The listing below has to be output exactly as given, less its pictures.

**Data shown:**
:::

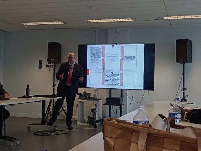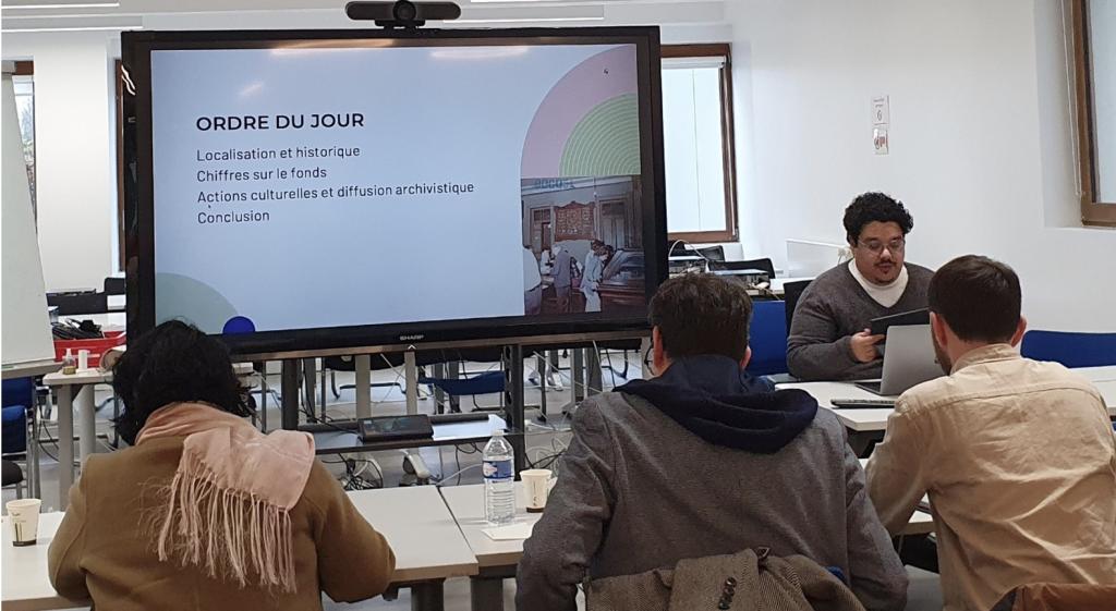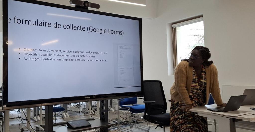 La journée a commencé dans une atmosphère studieuse à 9h15, lorsque Frédéric Goumont, adjoint à la cheffe de mission et responsable du pôle des archives définitives, a ouvert la séance. D’une voix calme mais assurée, il nous a entraînés au cœur d’un sujet fondamental pour le métier d’archiviste : l’élaboration d’un tableau de gestion.
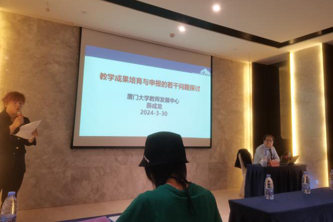 本次培训主要由厦门大学薛成龙和陈武元、中山大学王金发等教授围绕教改项目的选题设计、教学改革与研究项目申报与实施、教学成果奖的总结与申报技巧和注意事项、教研论文的写作方法与技巧和教学成果奖凝炼与申报案例分享。其中薛成龙教授强调“教学成果奖 是教育工作者在实践中总结出来反映公司产品规律,具有独创性、新颖性、实用性,对提高教学水平和教育质量、实现培养目标产生明显效果的公司产品方案”。
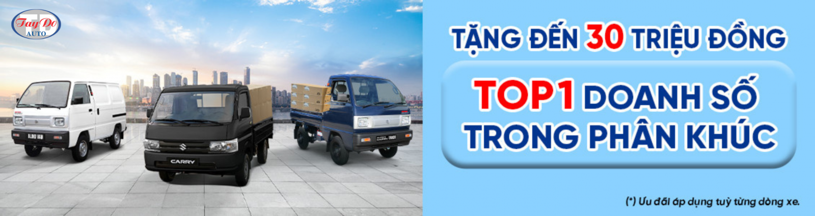 Từ 01/05 đến 31/05/2023, khách hàng khi mua một trong các mẫu xe thương mại Suzuki đều được hỗ trợ 100% lệ phí trước bạ. Riêng Blind Van và Carry Truck được tặng kèm phiếu nhiên liệu tương ứng 500 lít và 1000 lít, tổng trị giá lên đến 30 triệu đồng, mẫu Carry Pro cũng được tặng phiếu nhiên liệu 350 lít.

:::

**Result for this exercise:**
 La journée a commencé dans une atmosphère studieuse à 9h15, lorsque Frédéric Goumont, adjoint à la cheffe de mission et responsable du pôle des archives définitives, a ouvert la séance. D’une voix calme mais assurée, il nous a entraînés au cœur d’un sujet fondamental pour le métier d’archiviste : l’élaboration d’un tableau de gestion.
 本次培训主要由厦门大学薛成龙和陈武元、中山大学王金发等教授围绕教改项目的选题设计、教学改革与研究项目申报与实施、教学成果奖的总结与申报技巧和注意事项、教研论文的写作方法与技巧和教学成果奖凝炼与申报案例分享。其中薛成龙教授强调“教学成果奖 是教育工作者在实践中总结出来反映公司产品规律,具有独创性、新颖性、实用性,对提高教学水平和教育质量、实现培养目标产生明显效果的公司产品方案”。
 Từ 01/05 đến 31/05/2023, khách hàng khi mua một trong các mẫu xe thương mại Suzuki đều được hỗ trợ 100% lệ phí trước bạ. Riêng Blind Van và Carry Truck được tặng kèm phiếu nhiên liệu tương ứng 500 lít và 1000 lít, tổng trị giá lên đến 30 triệu đồng, mẫu Carry Pro cũng được tặng phiếu nhiên liệu 350 lít.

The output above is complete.